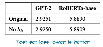 图 19:来自https://arxiv.org/pdf/2302.08626的表格,显示了使用和不使用偏置单元从头开始训练模型时的平均测试损失。
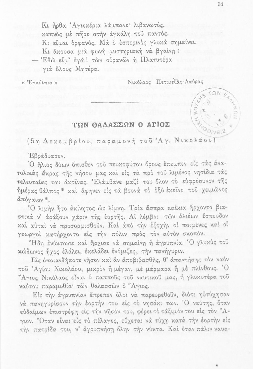 Σχολικό εγχειρίδιο Νέων Ελληνικών Γ΄ Γυμνασίου που περιέχει ποιήματα και πεζά Ελλήνων συγγραφέων εμπνευσμένα από τη θρησκευτική, οικογενειακή και κοινωνική ζωή, την σύγχρονή ελληνική ιστορία και την ελληνική φύση. Περιέχει παράρτημα με βιογραφίες των συγγραφέων και λεξιλόγιο. Φέρει το σύμβολο της δικτατορίας.
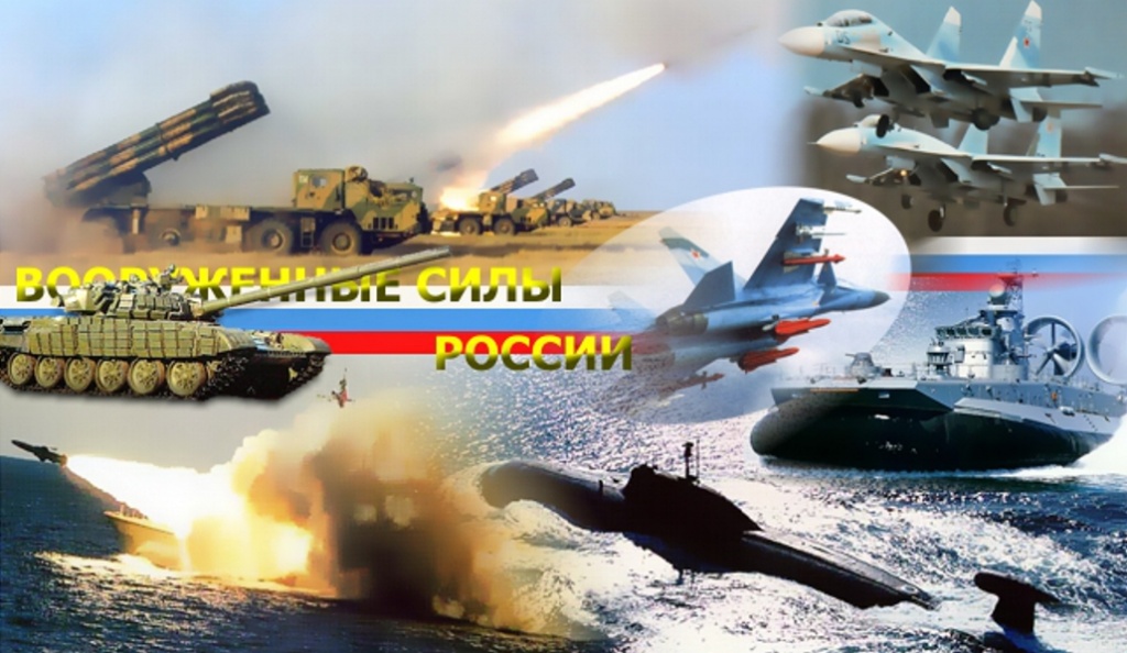Территориально Вооруженные Силы РФ делятся на пять военных округов: Западный (штаб в Санкт-Петербурге), Южный (Ростов-на - Дону), Центральный (Екатеринбург), Восточный (Хабаровск), Северный флот (Североморск). В настоящее время на вооружении российских войск состоят танки Т-72,Т-80, Т-90,боевые машины БМП -1, БМП-2, БМП-3, бронетранспортеры БТР-70, БТР-80, БТР-82, реактивные системы залпового огня «Град», «Ураган», «Смерч», « Солнцепек», «Торнадо-Г», тактические ракетные комплексы «Точка», «Искандер-М», системы противовоздушной обороны «Бук», «Тор», «Панцырь-С», С-300, С-400, ПЗРК «Верба». В ближайшем будущем предполагается серийная поставка в войска принципиально нового танка Т-14 на платформе «Армата», БМП нового поколения «Курганец» и БТР «Бумеранг», значительно превосходящие лучшие зарубежные аналоги. В 2018 году завершится разработка артиллерийского комплекса «Коалиция-СВ», особенность которого – полная автоматизация стрельбы.
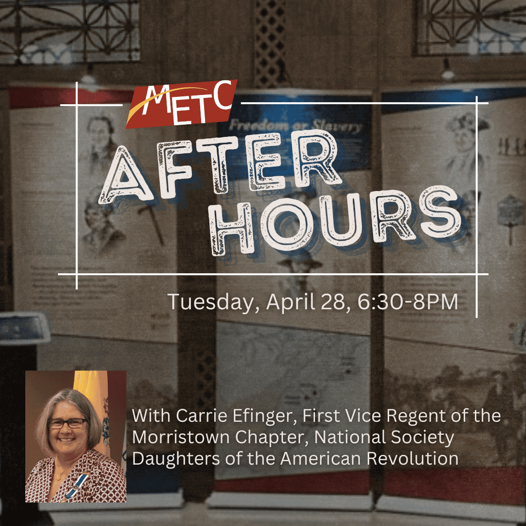 Join us at our After Hours with Daughters of the American Revolution to hear Carrie Efinger, First Vice Regent of the Morristown Chapter. Learn all about the founding of the DAR, the local Morristown chapter, and its ties to the American Revolution. Doors open at 6:30PM to view “The American Experience” exhibit and lecture begins at 7PM.
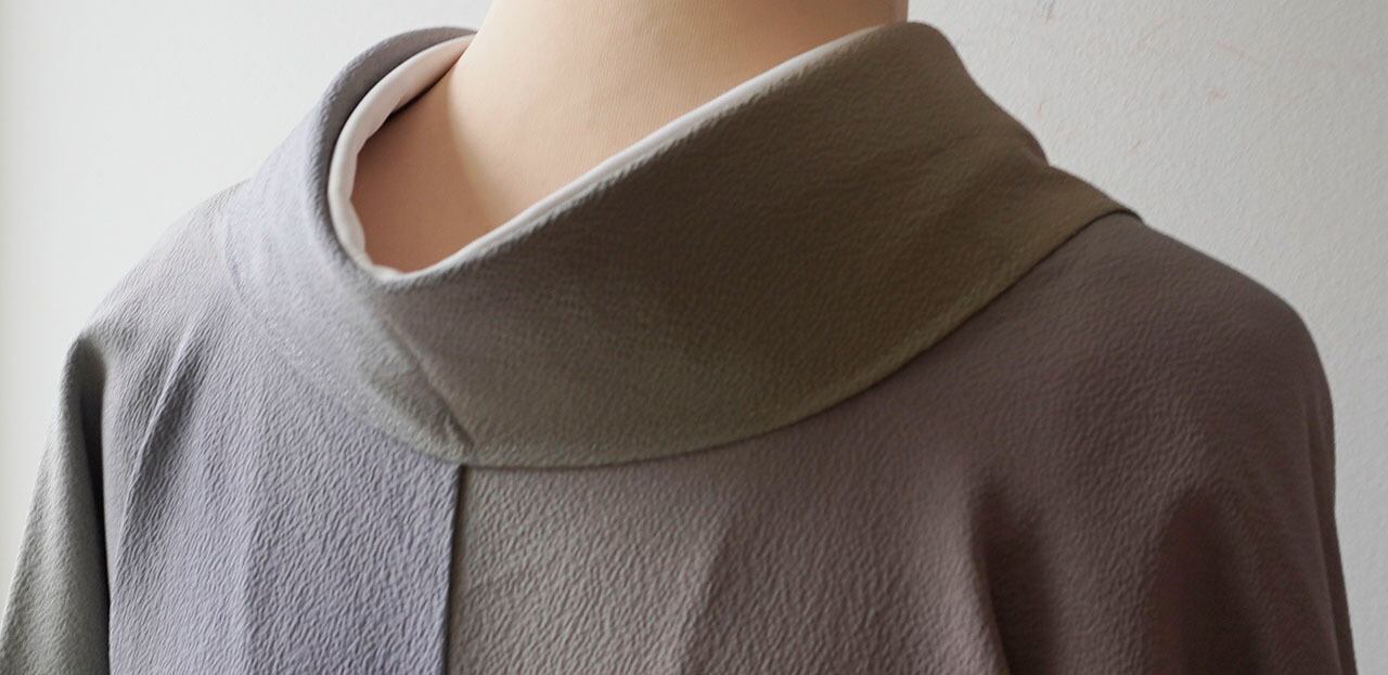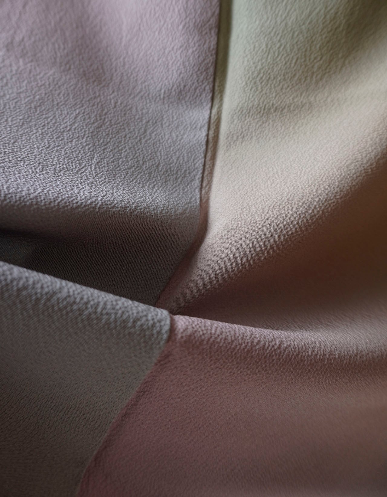 光の加減で浮かび上がる縮緬地ならではのシボの凹凸が
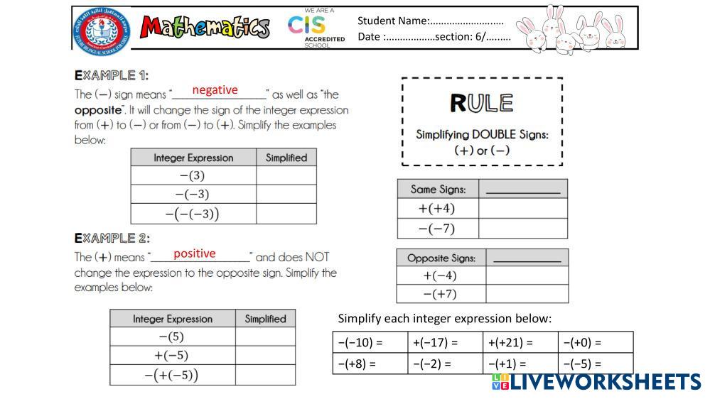 Created byRASHA ISSAM SHATAT Math Middle School 6th grade Algebra English Author's Instructions Grade 6 Math My Google Classroom Courses × 0 classes selected (0 students total) Quick Access Select all classes (0 classes) All Classes Loading courses... Cancel Share Share to selected Course __COURSE_NAME__ __STUDENT_NAME__ (__STUDENT_EMAIL__) Integers Download Worksheet Validation Check my answers Emails my answers to my teacher Full name Group/level School subject Teacher's email or key code Close Submit Validating worksheet... (12) Your answers have been sent to your teacher. Good luck! OK We encountered an error submitting your answers. Please try again. OK Advertisement | Go Ad Free Created byRASHA ISSAM SHATAT Math Middle School 6th grade Algebra English Author's Instructions Grade 6 Math Explore Worksheets Operaciones en N Math 6th grade Operaciones en N Algebra - Math Completar Ecuaciones de primer grado Math 6th grade Ecuaciones de primer grado Algebra - Math Ecuaciones de primer grado ورقة عمل قواعد الدوال Math 6th grade ورقة عمل قواعد الدوال Algebra - Math . Solving One Step Equations Math 6th grade Solving One Step Equations Algebra - Math Solve one step algebra equations
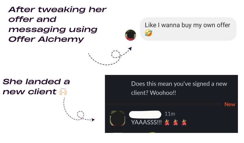 You create your no-brainer offer with our proprietary framework- Offer Alchemy. This process has landed corporate clients, multi-five figure deals, sell out coaching launches, and more importantly- really happy coaching clients who want to stay with you (forever!)Â
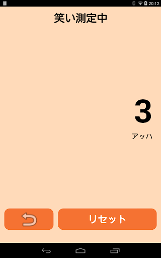 3.声の調整が終わるとすぐに計測画面になります。画面に向かって笑うと、アッハ値が表示されます。
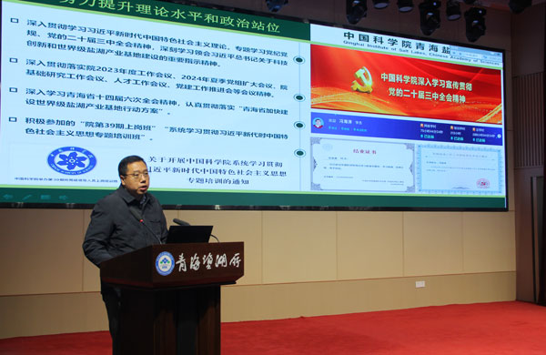 中国科学院兰州分院副院长、分党组成员赵培庆,兰州分院组织人事教育处相关工作人员,青海盐湖所领导班子成员及全所职工等220余人参加了会议。会议由青海盐湖所副所长郑诗礼(主持工作)主持。
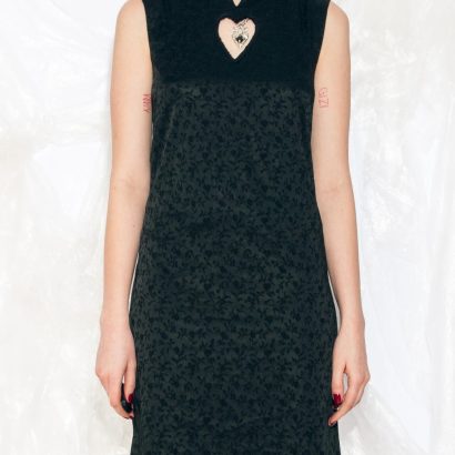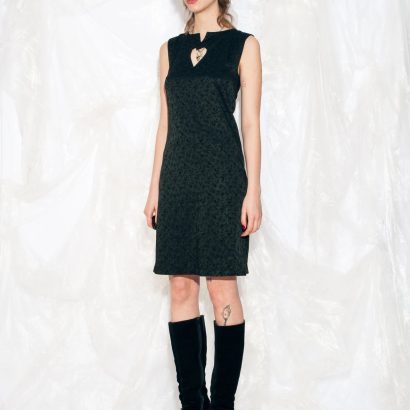 This black sleeveless sheath dress combines clean lines with playful details. The heart-shaped cutout neckline is eye-catching, while the delicate jacquard texture adds a subtle layering without overwhelming the dress. The soft stretch and knee-length cut make it easy to transition from office wear to evening with just a change of shoes.
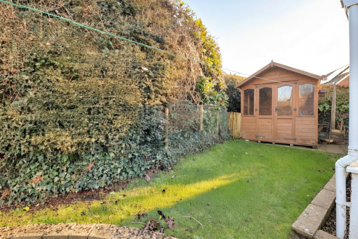 Externally, the property features a driveway providing off-road parking, a large garage with an electric up-and-over door, and steps leading to the front entrance and garden, with side pedestrian access to the rear. The rear garden is private and south-facing, bordered by mature shrubs and hedging, and includes a summerhouseideal for outdoor dining, relaxation, and entertaining.
══════════════════════════════
> BRIEF: For this task, return exactly the stretch of the listing above from the line with "3.声の調整が終わるとすぐに" through the line with "This black sleeveless", inclusive and without pictures.

> EXERCISE OUTPUT:
 3.声の調整が終わるとすぐに計測画面になります。画面に向かって笑うと、アッハ値が表示されます。
 中国科学院兰州分院副院长、分党组成员赵培庆,兰州分院组织人事教育处相关工作人员,青海盐湖所领导班子成员及全所职工等220余人参加了会议。会议由青海盐湖所副所长郑诗礼(主持工作)主持。
 This black sleeveless sheath dress combines clean lines with playful details. The heart-shaped cutout neckline is eye-catching, while the delicate jacquard texture adds a subtle layering without overwhelming the dress. The soft stretch and knee-length cut make it easy to transition from office wear to evening with just a change of shoes.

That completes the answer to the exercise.